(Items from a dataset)

────

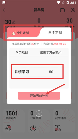 3、在學(xué)習(xí)計(jì)劃配置彈窗中,選定【系統(tǒng)學(xué)習(xí)-50】的當(dāng)日單詞量,點(diǎn)擊【開始當(dāng)前計(jì)劃】按鈕確認(rèn)學(xué)習(xí)計(jì)劃。
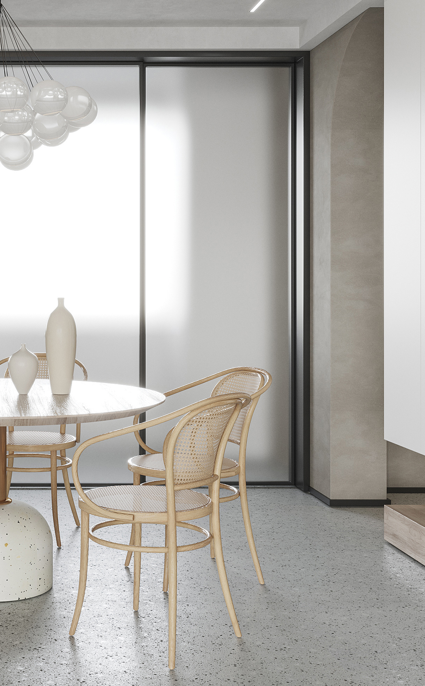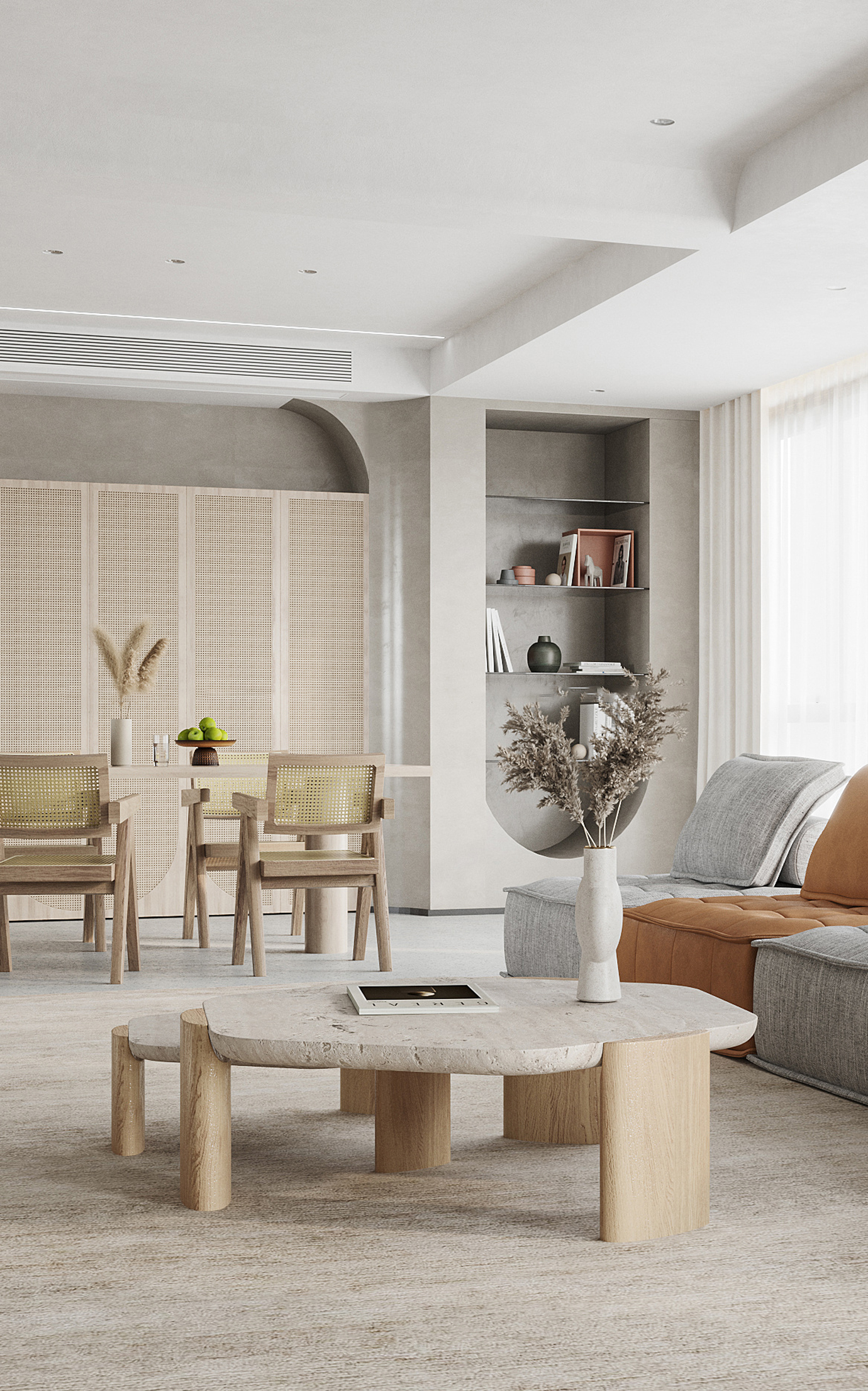 温润木色搭配白色墙体贯穿整个装修设计,入户玄关傍晚黄昏一开门那一抹温柔瞬间吹散了整天的工作疲劳,今日份的幸福感在心头环绕,慵懒却又轻快。原主卧房门的改动增加玄关区域的仪式感,餐厅区域的采光及舒适度都有了很大的提升。邻近天地壮阔,厚载心境盛境,格局是横亘于人群中幽静的分野。客厅电视背景的2:8的整体电视柜让居住收纳得到完美体现, 通过不同层次的木色搭配鸦青与灰色的沙发,小小的一撮绿植增添生机。整套空...
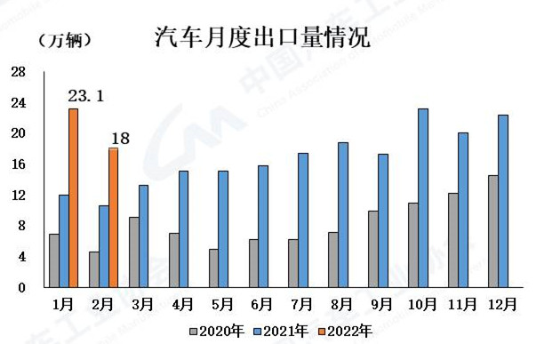 汽車出口同比繼續(xù)保持大幅增長(zhǎng) 2月,汽車企業(yè)出口18萬(wàn)輛,環(huán)比下降21.9%。同比增長(zhǎng)60.8%,繼續(xù)保持大幅增長(zhǎng)。1-2月,企業(yè)企業(yè)出口41.2萬(wàn)輛,同比增長(zhǎng)75%。
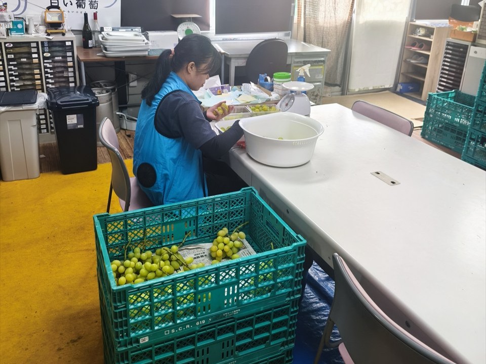 訪問してまず驚いたのは、白井さんがこの地域では「粒のパック売り」の先駆けだったということ。今ではすっかり定着した販売方法ですが、始めた当初は「ぶどうは房で売らないとぶどうらしさがない」「バラ売りはもったいない」といった声もあったそうです。白井さんはほかにも民泊との連携やキャンペーン企画、インフルエンサーとのコラボなど、様々な取り組みに挑戦しており、既存の考えや方法にとらわれない農業を目の当たりにできました。
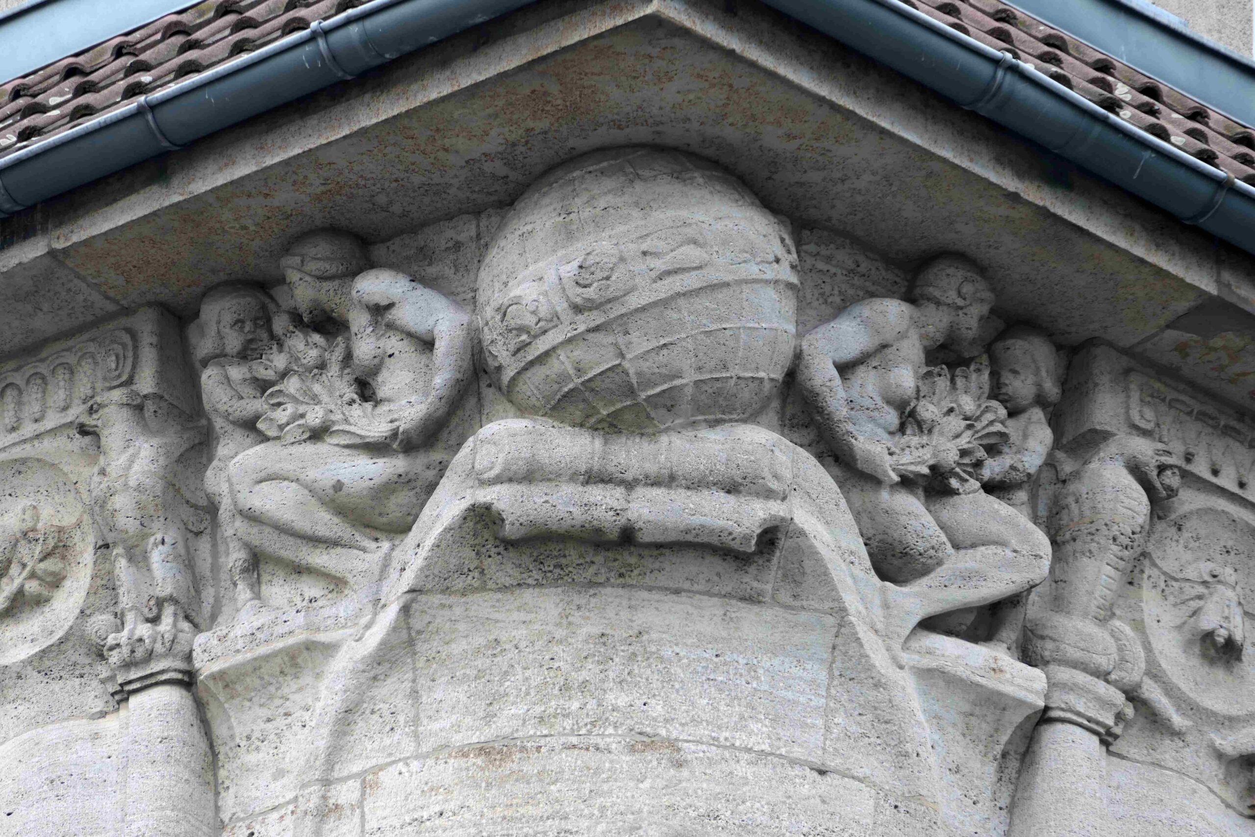 Die Kartusche mit den Figuren wurde, ebenso wie alle weiteren bauplastischen Elemente an der Fassade, von Richard Kühn 1910/1911 geschaffen.

────

◆ TASK ITEM ◆
Exactly as they appear, please return only the lines from the first line of the records through the line containing "汽車出口同比繼續(xù)保持", both included, leaving out all pictures.

◆ THE ANSWER ◆
 3、在學(xué)習(xí)計(jì)劃配置彈窗中,選定【系統(tǒng)學(xué)習(xí)-50】的當(dāng)日單詞量,點(diǎn)擊【開始當(dāng)前計(jì)劃】按鈕確認(rèn)學(xué)習(xí)計(jì)劃。
 温润木色搭配白色墙体贯穿整个装修设计,入户玄关傍晚黄昏一开门那一抹温柔瞬间吹散了整天的工作疲劳,今日份的幸福感在心头环绕,慵懒却又轻快。原主卧房门的改动增加玄关区域的仪式感,餐厅区域的采光及舒适度都有了很大的提升。邻近天地壮阔,厚载心境盛境,格局是横亘于人群中幽静的分野。客厅电视背景的2:8的整体电视柜让居住收纳得到完美体现, 通过不同层次的木色搭配鸦青与灰色的沙发,小小的一撮绿植增添生机。整套空...
 汽車出口同比繼續(xù)保持大幅增長(zhǎng) 2月,汽車企業(yè)出口18萬(wàn)輛,環(huán)比下降21.9%。同比增長(zhǎng)60.8%,繼續(xù)保持大幅增長(zhǎng)。1-2月,企業(yè)企業(yè)出口41.2萬(wàn)輛,同比增長(zhǎng)75%。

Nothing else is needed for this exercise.